Die Urlesung: Burgtheater
„Obwohl 1985 kaum jemand mein Stück „Burgtheater“ gekannt hat (es wurde nur in Bonn uraufgeführt), habe ich meinen guten Namen in Österreich verloren.“ – Elfriede Jelinek ist inzwischen als Nobelpreisträgerin weltberühmt. „Burgtheater“ hingegen, ihre „Posse mit Gesang“ über nationale Selbstinszenierungen und wendig wandelbare Publikumslieblinge wie Paula Wessely, Attila und Paul Hörbiger kennt immer noch kaum jemand. 40 Jahre lang hatte Jelinek die Aufführungsrechte gesperrt.
Wenige Tage vor der überfälligen BURG-Premiere präsentiert das Ensemble von Milo Raus BURGTHEATER-Inszenierung nun in einer „Urlesung“ den gesamten Stücktext, eine Entdeckung.
Kaum jemals zog Elfriede Jelinek derart gnadenlos alle komödiantischen Register; nie davor und danach war sie etwa so nah an Sprachwitz und -gewalt von Ernst Jandl und der Wiener Gruppe, wenn ihre Kunstsprache Heurigen-Lieder, Wien-Film-Dialoge oder Burg-Klassiker wie „König Ottokars Glück und Ende“ bis zur Wiedererkennbarkeit verfremdet: „Drum ist der Österreicher sang und klank, / trägt seinen Fehl, trägt offen seine Greubeln. / Bekleidet nicht, läßt lieber sich besteigen. / Und was er tut, ist froher Wuts getan.“
Besetzung
BURGTHEATER
„Wenn man’s in Wien aufführt, wird’s sicher der größte Theaterskandal der Zweiten Republik!“ Als Elfriede Jelinek 1981 ihr damals jüngstes Stück, eine „böse Posse mit Gesang“, ankündigte, da ahnte nicht einmal sie, dass BURGTHEATER auch ohne die eigentlich geplante Premiere im Burgtheater ihren Ruf als „Nestbeschmutzerin“ begründen sollte.
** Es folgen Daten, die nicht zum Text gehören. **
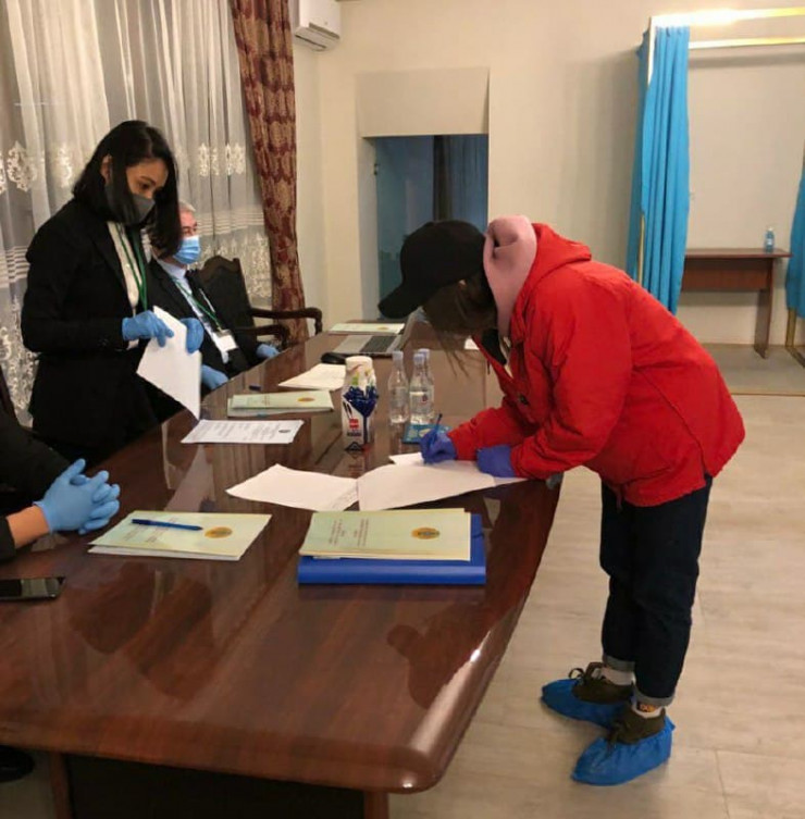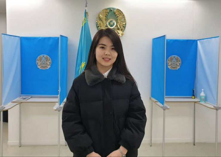 По данным МИД, самой первой на парламентских выборах проголосовала студентка университета Коре в Южной Корее Аделина Алпамыс.

Eine berühmte Schauspielerfamilie, Geraunze und Geraune in mörderischer Kunstsprache: Für den Schweizer Regisseur und Wiener Festwochen-Intendanten Milo Rau, dem Jelinek nun exklusiv die Rechte für eine späte Burgtheater-Premiere einräumte, werden dies nur einige der Ausgangspunkte für ein größeres szenisches Panoptikum sein: Öffentlichkeit und Anpassung, Geschichte (der BURG, des Theaters und Europas), Faschismus und Verdrängung.